Friday, March 31, 2006

First Brazilian goes into space

Lt Col Marcos Pontes has become the first Brazilian to go into space after a successful launch aboard a Russian Soyuz rocket from Baikonur.

He will spend nine days on the International Space Station while a Russian and a US colleague accompanying him will stay for six months.

Col Pontes took with him a Brazilian flag and a football shirt - to help, he said, his team in the World Cup.

His father, 84, was at the launch with other relatives and friends.

They applauded and cheered afterwards, watching video from an onboard camera at the ex-Soviet base Russia leases in Kazakhstan.

"I am very emotional," said his wife Fatima, with tears in her eyes. "I cannot even explain how I feel right now. I am very, very happy."

The launch was broadcast live on television in Brazil.

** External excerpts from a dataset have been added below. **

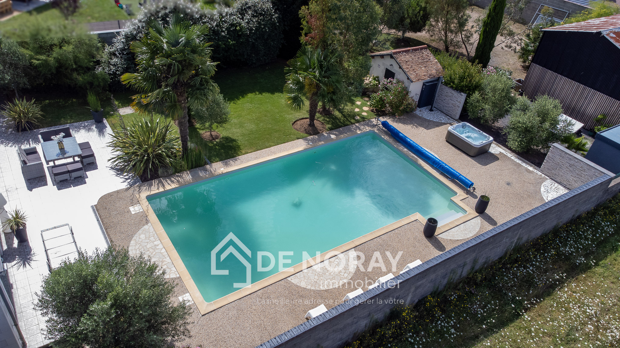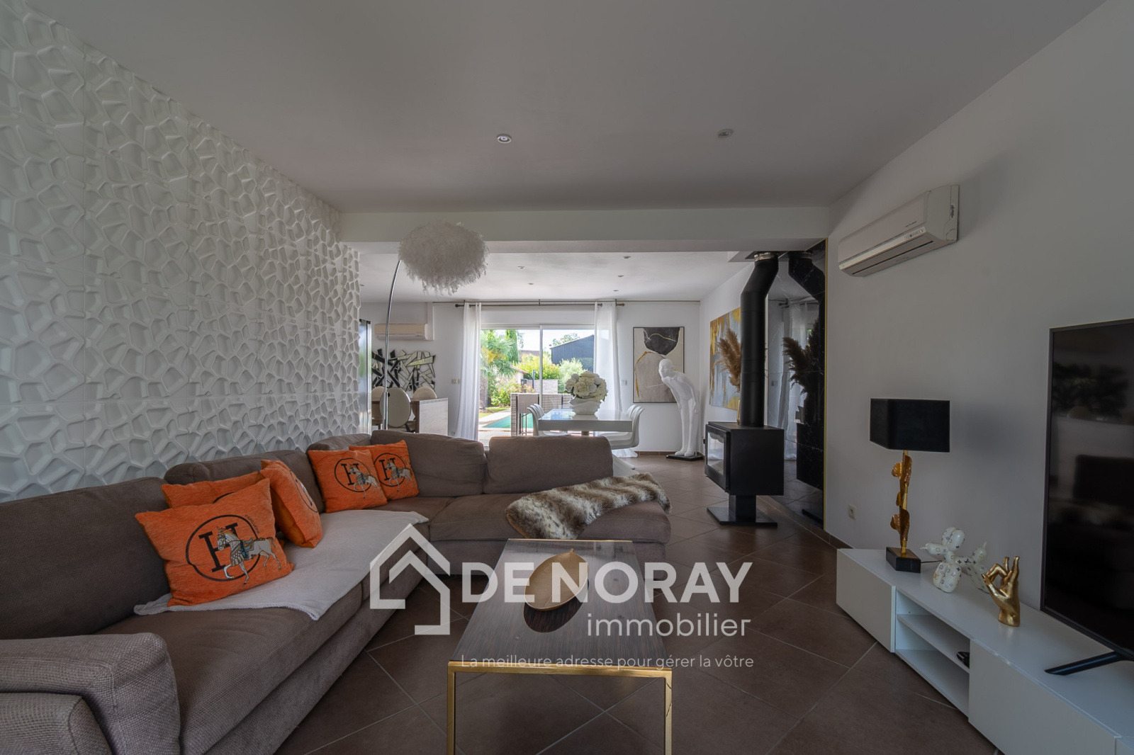 La pièce de vie, spacieuse et traversante, regroupe le salon, la salle à manger et une cuisine entièrement équipée avec des matériaux haut de gamme, le tout ouvrant sur une vaste terrasse ensoleillée et une piscine maçonnée de 12x6 mètres, idéale pour profiter des beaux jours.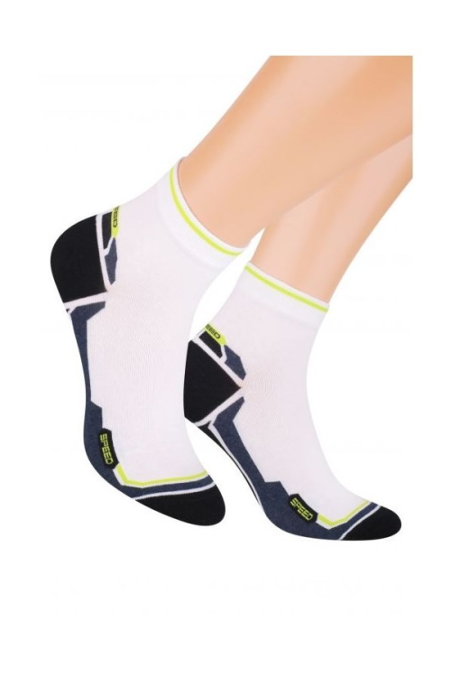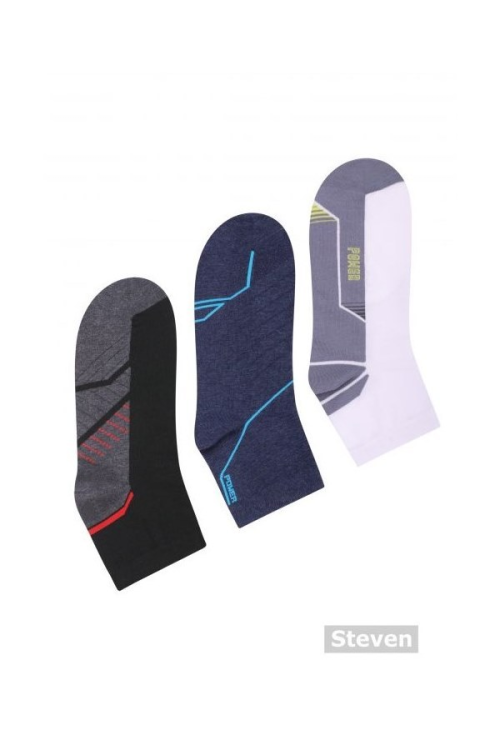 Zakostki męskie z bawełny z dodatkiem lycry. Płaskie szwy, nieuciskający ściągacz. Oryginalne wzornictwo doskonale komponuje się ze sportowym stylem życia. Dostępne kolory: białe i czarne - jednolite oraz mix kolor - mix wzór: białe, grafitowe, granatowe,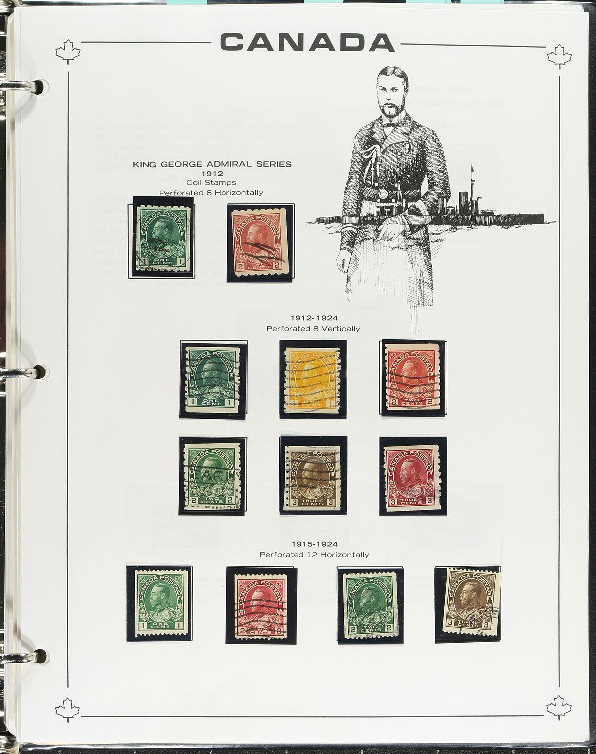 Well organized collection of used Canada in a Unitrade "Canada Junior" album, 1859-1983, containing many hundreds of stamps, primarily in hingeless mounts. The collection generally ranges from Scott #14/1008, containing sets, partial sets, and coil issues noting Scott #s 14-15, 18, 21-22, 25, 29-30, along with 25 Small Queens (10c (x2), 20c and 50c Widow Weeds), partial sets of Leafs and Numerals, complete sets of Edwards, Quebecs, Admirals Scrolls right up to the Peace issues, including coil singles for most classic issues noting #123-124 (c.v. $130 total). Postmark interest includes mostly cds cancels including a few 'socked on the nose' town postmarks. A nice collection that fills the classic area of Canada and should be continued right up to modern day. A few small faults with a few of the early issues, overall fine to very fine. Estimate =

Vyacheslav Davidenko, spokesman for Russia's Roskosmos space agency, told the AFP news agency that the new astronaut would undoubtedly become a national hero in Brazil.

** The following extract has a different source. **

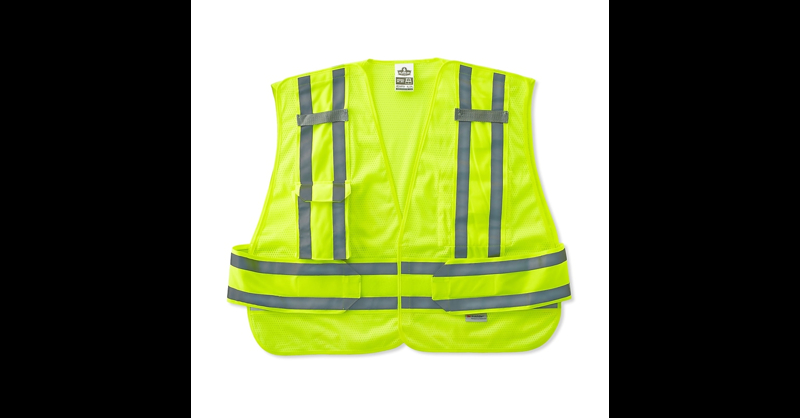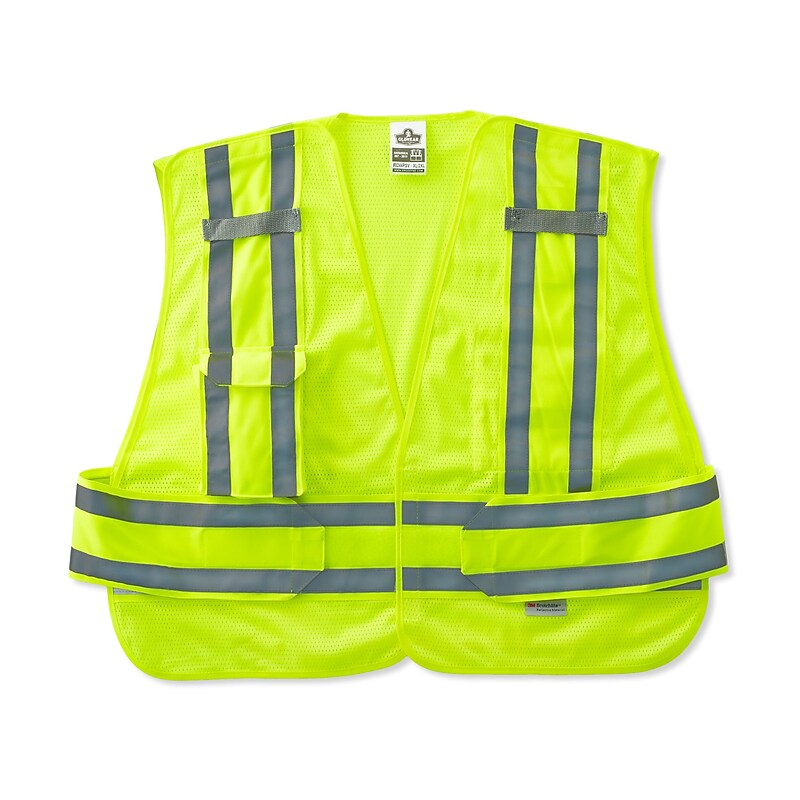 Ergodyne GloWear 8244 3XL+expandable public safety vest having adjustable sides is made of 3. 3 oz polyester mesh for longer life. Vest with radio tabs includes an outside flap on chest and a multi-division inside pocket. Size 3XL. Expandable public safety vest. Hook and loop front. Lime. 1 Each. One outside flap on chest plus one multi-division inside pocket with 4 1/2" silver strip. Dimensions: 15 1/4"(H) x 1"(W) x 10 1/4"(D). Class 2 public safety vest has 3M Scotchlite 4 1/2" silver reflective stripe. Material: Polyester mesh. Fabric weight: 3. 3 oz. Applications: Police, emergency response, security, hazmat. Features high visibility, radio tabs/holders, adjustable sides, machine washable, five-point breakaway design. Standards: ANSI 207 class 2. 3XL+.colors for high visibility. Adjustable sides. Pockets: One outside flap on chest, one multi-division inside. 5 point breakaway design. Radio tabs/holders. Perfect for wearing over turnout gear. Machine washable. Ergodyne GloWear 8244 3XL+expandable public safety vest is perfectly designed for police, emergency response, security and hazmat applications and comes in a 5-point breakaway design.

"Marcos Pontes will allow his country to join the club of space powers," he said.

Space dream

Many Brazilians are hoping the trip will give a crucial morale boost to the country's own space programme, the BBC's Tom Gibb reports from Sao Paulo.

The International Space Station is not due to be completed until 2010
The mission, which is costing Brazil about $10m (£6m), comes less than three years after Brazil's space programme met with disaster when a rocket exploded on the launch pad.

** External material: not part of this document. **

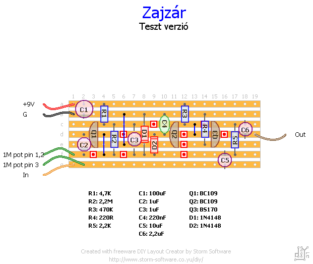 Találtam ezt a zajzárat és most rajzoltam hozzá egy elrendezést. A kérdés csak az, hogy fog-e működni? Mert BC108- ak vannak, 2N3904, meg 2N5088, BC182L is, csak annak el kell tekernem a lábát. Vannak más BC szériás tranyóim, de többsége PNP...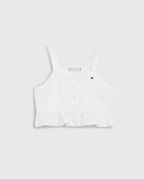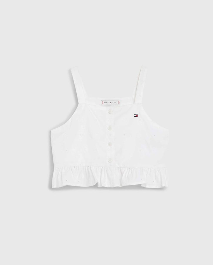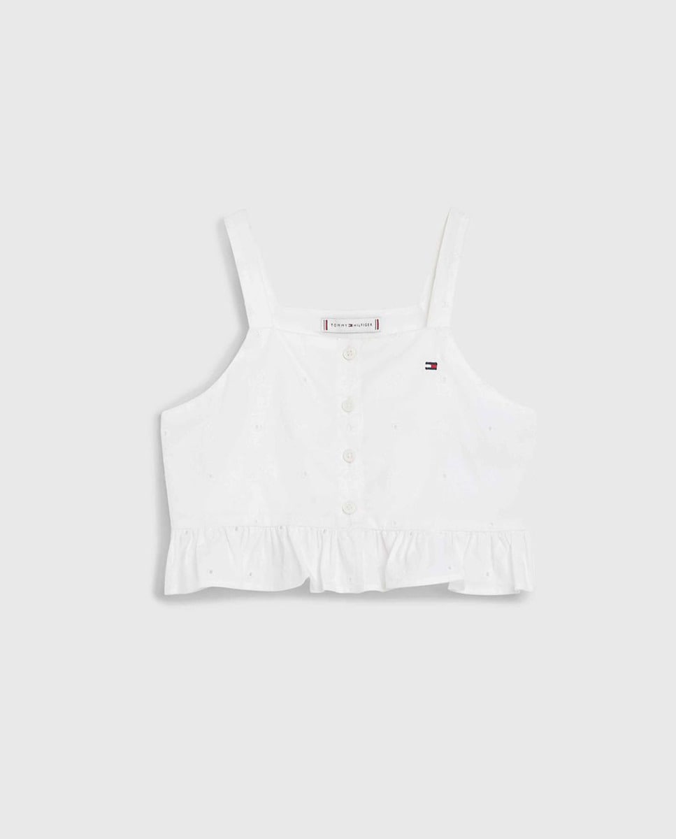 Top de niña abotonado con tirantes y logo bandera bordado

The explosion of the first Brazilian rocket, built to take satellites into orbit, killed 21 people at the site in the north of the country.

However, there has also been some criticism that the cost of putting a man into space could have been used better elsewhere.

Thursday's flight is the fulfilment of a childhood dream for Col Pontes, our correspondent adds.

He has been training since 1998 for such a mission, which was originally to have been on a US space shuttle.

Col Pontes is being accompanied by Pavel Vinogradov of Russia and US astronaut Jeffrey Williams.